Purpose: : In the adult form of LIR there is a selective loss of the Outer Nuclear Layer (ONL) while in the juvenile form, the thinning of the ONL is accompanied by a near equivalent thickening of the Inner Nuclear Layer (INL), with the superior hemiretina always showing more pathology compared to the inferior. We hypothesized that the INL thickening was triggered to maintain a near normal retinofugal signal. We proceeded to test this claim.

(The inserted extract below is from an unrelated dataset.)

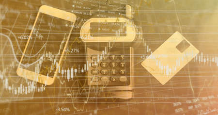 Image of financial data processing over credit card terminal smartphone and credit card. global finances, business and contactless payment concept digitally generated image.

Methods: : Juvenile Sprague Dawley rats exposed from P14-20 and P14-28 to a bright light (12D: 12L; 10 000 lux) were compared to adult rats exposed to the same light for 6 days. Photopic (intensity: 0.9 log cd.m-2.sec; background: 30 cd.m-2) flash ERGs (fERG), flash VEPs (fVEP) and multifocal ERGs (mfERG: VERIS 5.1; camera display unit, 37 hexagons; white: 200 cd.m-2; black: 0 cd.m-2; background: 100 cd.m-2; bandwidth: 10-100 Hz) were recorded at P30 and P50.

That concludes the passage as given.